Gasman was recently elected vice president of the history and historiography section of the American Educational Research Association. She chairs the American Association of University Professors Committee on HBCUs and serves on the research advisory boards for the UNCF and Thurgood Marshall Scholarship Fund.

Gasman cultivated her interest in minority-serving institutions as a graduate student at Indiana University. Before enrolling in the institution, the Michigan native knew nothing about Black colleges and had limited interaction with African-Americans. She grew up in a predominantly White and American Indian community with a father she describes as a raging racist. (“You either turn out one way or the other. For me, I was never going to be my father,” she says.) 

“In grad school, Dr. John Thelin, a prominent historian of higher education, assigned a book called The Education of Blacks in the South by James Anderson,” says Gasman. “That book changed my whole perspective on education. I had always been given readings about Black people being victims but I never got to see any readings about African-Americans being leaders and taking action.”

The book stirred up Gasman’s interest in Black colleges and educational access. “I’ve always felt really strongly about issues of equity and equality among various people,” says Gasman, whose blog hosted by this magazine at DiverseEducation.com taps into the pulse of access and retention issues for students and faculty of color.

Her current project is a book on the history of Black medical schools with Dr. Louis W. Sullivan, the founding dean of the Morehouse School of Medicine and former secretary of the U.S. Department of Health and Human Services. A primer that provides a comprehensive overview of the nation’s HBCUs is also in the pipeline. 

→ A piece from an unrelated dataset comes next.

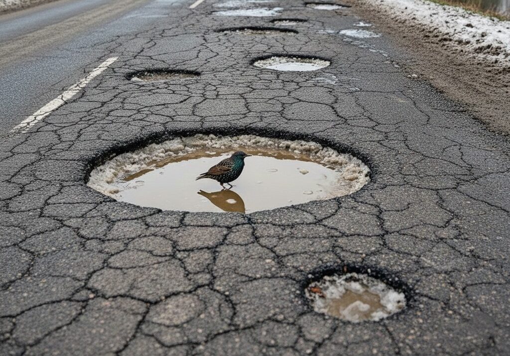 Frost und Tauwetter haben tiefe Spuren im Asphalt hinterlassen: Auf der L 24 in Remels ist ab sofort nur noch Schritttempo erlaubt. (Symbolfoto: KI-generiert)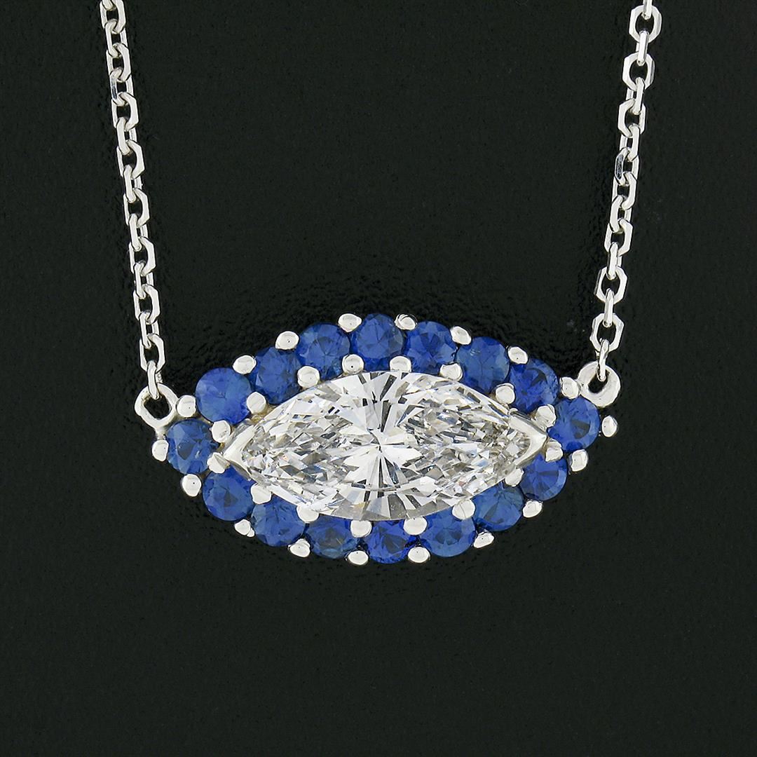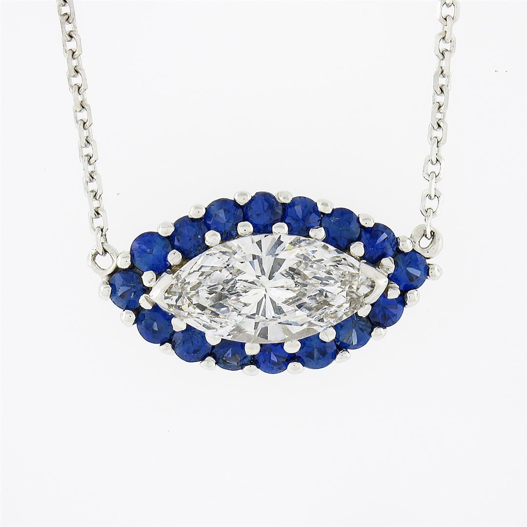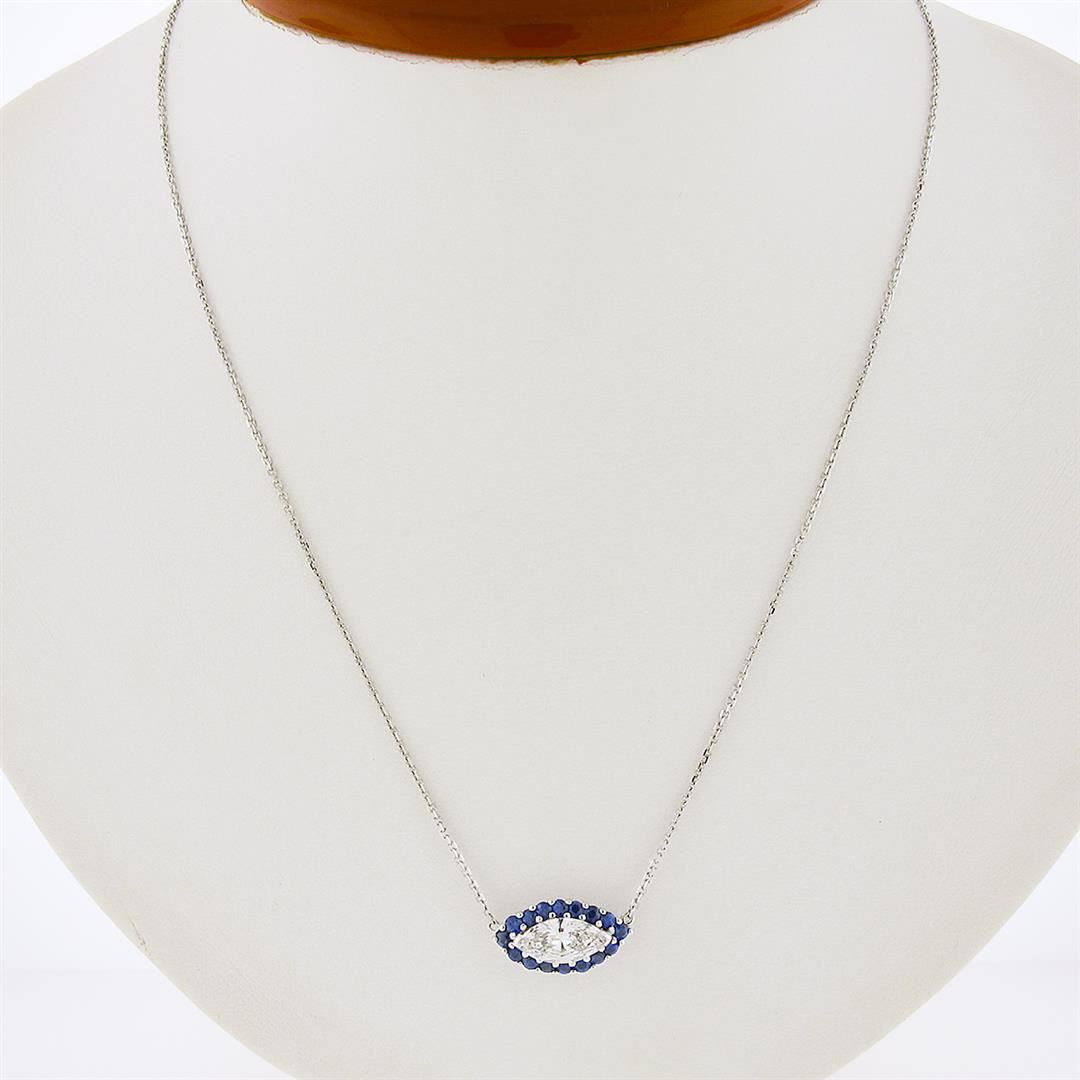 A news solid 18k white gold evil eye pendant necklace, with 1 gia certified marquise cut natural diamond (E - VS2 ; 0.88ct), and 16 round brilliant cut natural sapphires (0.68ctw). The pendant weighs a total of 3.81 grams, measures 8.85x16.40mm including the bail, and adjustable at 17 or 19 inch cable link chain. Comes with all original relevant certifications.

“Gasman has a genuine passion for HBCUs. She is committed to survival and overall thriving of these institutions,” says Kimbrough. “There are probably some who are wishing that  one of the primary voices on HBCUs was an African-American, and I think that there are opportunities for African-American scholars. People have to get in there and continue to do some of the work.”

Despite her success, Gasman says she is far from the “end all” on Black colleges. “I know a considerable amount but I didn’t go to one. I’m not Black and I’m aware of that. But I do feel like I can contribute to the conversation,” Gasman says. 

At the heart of Gasman’s work is access. Over the years, Gasman has recruited dozens of young scholars of color to Penn’s Ph.D. programs and helped to polish them into faculty. Those students, Gasman says, will be her legacy.